Wyjechał z drogi jednokierunkowej pod prąd, omal nie powodując groźnej kolizji. Wszystko widać na filmiku, który nagrał kierowca jadący zgodnie z kierunkiem jazdy. Film nagrał czytelnik portalu kartuzy.info. Dzięki jego czujności i ostrożności nie doszło do zderzenia z toyotą, której kierowca złamał przepisy. Zwyzywał też innego kierowcę i nie wykazał skruchy.

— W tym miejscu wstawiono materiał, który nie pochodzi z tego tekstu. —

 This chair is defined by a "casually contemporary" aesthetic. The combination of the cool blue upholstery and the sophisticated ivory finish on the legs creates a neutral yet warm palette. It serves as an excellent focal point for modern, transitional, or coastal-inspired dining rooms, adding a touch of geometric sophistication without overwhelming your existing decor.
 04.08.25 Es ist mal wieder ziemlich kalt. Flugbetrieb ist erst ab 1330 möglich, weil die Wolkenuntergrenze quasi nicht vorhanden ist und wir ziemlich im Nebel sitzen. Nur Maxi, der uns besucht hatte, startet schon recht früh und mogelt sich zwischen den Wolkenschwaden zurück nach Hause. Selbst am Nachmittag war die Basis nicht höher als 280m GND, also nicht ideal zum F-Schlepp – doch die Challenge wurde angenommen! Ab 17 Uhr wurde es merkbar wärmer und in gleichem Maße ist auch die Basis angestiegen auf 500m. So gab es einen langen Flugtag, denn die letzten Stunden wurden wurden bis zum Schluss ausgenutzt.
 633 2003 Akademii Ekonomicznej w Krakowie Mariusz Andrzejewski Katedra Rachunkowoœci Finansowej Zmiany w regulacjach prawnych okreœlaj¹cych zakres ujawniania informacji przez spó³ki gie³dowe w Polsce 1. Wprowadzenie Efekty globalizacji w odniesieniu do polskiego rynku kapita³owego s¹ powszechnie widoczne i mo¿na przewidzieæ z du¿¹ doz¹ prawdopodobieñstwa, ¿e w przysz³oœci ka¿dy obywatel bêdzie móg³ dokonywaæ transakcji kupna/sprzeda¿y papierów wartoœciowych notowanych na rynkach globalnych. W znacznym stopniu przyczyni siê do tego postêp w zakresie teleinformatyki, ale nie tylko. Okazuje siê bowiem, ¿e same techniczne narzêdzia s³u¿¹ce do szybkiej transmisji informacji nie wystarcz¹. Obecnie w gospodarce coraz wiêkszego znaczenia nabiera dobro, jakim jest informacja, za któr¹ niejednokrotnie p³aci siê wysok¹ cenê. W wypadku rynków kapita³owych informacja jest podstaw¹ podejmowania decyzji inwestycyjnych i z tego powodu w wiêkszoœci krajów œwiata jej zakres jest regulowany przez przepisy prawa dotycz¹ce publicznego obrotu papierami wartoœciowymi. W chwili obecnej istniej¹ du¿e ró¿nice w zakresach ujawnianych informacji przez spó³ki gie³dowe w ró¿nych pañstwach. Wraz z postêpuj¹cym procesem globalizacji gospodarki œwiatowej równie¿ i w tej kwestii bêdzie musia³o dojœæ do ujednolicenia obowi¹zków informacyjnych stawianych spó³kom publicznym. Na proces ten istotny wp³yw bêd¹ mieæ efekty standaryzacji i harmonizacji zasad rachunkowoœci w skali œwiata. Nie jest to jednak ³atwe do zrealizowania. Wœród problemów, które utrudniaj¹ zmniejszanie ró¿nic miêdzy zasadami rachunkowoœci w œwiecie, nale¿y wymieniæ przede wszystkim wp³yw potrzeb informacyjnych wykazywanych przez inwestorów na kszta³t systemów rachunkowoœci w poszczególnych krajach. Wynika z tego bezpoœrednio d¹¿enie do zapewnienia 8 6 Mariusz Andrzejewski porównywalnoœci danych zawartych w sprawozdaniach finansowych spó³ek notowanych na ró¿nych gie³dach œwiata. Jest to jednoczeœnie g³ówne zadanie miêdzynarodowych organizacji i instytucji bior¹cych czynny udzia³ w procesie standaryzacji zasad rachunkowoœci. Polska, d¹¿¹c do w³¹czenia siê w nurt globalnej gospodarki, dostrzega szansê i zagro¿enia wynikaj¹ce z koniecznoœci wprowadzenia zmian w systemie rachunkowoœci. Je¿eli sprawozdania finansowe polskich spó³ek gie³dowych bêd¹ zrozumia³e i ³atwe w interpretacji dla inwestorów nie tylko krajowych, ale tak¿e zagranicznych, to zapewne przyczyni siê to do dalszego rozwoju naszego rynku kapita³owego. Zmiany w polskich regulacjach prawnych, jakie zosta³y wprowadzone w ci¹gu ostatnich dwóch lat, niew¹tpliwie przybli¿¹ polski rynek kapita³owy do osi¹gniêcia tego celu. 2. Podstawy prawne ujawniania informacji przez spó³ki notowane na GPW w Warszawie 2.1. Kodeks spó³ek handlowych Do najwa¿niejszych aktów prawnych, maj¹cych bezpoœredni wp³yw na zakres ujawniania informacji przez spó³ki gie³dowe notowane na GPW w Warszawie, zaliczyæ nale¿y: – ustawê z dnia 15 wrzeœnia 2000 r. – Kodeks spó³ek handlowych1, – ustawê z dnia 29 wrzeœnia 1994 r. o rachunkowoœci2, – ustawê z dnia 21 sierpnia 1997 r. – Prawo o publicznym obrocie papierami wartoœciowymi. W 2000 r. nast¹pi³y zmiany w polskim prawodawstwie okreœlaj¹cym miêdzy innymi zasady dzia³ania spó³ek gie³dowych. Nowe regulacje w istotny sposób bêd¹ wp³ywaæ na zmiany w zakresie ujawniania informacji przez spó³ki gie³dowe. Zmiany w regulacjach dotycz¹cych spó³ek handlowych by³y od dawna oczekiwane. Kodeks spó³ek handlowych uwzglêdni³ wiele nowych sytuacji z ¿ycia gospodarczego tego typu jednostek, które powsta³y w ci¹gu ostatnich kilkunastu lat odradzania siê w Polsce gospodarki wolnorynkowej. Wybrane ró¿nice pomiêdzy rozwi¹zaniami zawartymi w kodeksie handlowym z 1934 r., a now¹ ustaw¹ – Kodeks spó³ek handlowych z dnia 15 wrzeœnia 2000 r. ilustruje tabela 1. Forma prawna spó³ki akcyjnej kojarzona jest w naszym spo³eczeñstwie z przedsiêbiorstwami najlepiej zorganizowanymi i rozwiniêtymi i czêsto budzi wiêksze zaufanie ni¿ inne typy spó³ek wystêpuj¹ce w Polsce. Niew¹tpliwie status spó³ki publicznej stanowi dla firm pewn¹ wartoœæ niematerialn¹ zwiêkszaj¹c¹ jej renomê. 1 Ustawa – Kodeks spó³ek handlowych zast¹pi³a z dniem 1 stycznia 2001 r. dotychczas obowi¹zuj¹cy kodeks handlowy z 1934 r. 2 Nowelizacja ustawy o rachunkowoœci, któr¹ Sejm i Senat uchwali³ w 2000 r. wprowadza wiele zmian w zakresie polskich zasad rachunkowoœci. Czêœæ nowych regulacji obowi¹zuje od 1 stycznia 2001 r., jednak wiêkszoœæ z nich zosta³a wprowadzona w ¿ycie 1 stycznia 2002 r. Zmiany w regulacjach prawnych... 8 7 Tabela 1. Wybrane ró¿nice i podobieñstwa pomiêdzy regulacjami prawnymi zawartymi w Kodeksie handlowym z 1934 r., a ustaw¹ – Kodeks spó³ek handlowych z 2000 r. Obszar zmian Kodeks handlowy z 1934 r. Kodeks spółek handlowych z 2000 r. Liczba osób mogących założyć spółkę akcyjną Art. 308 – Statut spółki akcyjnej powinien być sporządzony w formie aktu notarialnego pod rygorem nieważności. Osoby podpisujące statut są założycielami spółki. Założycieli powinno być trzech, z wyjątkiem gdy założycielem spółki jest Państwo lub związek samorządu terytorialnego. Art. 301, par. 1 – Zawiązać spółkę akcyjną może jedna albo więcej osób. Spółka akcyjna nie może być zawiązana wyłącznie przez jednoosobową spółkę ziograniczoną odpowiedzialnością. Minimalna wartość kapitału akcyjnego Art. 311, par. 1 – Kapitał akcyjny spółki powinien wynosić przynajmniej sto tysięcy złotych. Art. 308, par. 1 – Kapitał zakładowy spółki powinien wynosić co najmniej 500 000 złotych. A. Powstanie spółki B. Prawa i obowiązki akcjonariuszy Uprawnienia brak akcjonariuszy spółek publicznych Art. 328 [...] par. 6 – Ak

Sytuację przedstawioną na nagraniu skomentowała nadkomisarz Magdalena Ciska z Wydziału Drogowego Komendy Miejskiej Policji w Gdańsku. – Na sytuacji przedstawionej na filmie, mamy do czynienia z wykroczeniem spowodowania zagrożenia bezpieczeństwa w ruchu drogowym. Chodzi o niestosowanie się do oznakowania poziomego (strzałki kierunkowej). Za to grozi mandat karny w wysokości 250 zł i 5 pkt. karnych (niestosowanie się do strzałki kierunkowej), a za spowodowanie zagrożenia bezpieczeństwa w ruchu drogowym od 200 do 500 zł i 6 pkt. karnych – wyjaśniła.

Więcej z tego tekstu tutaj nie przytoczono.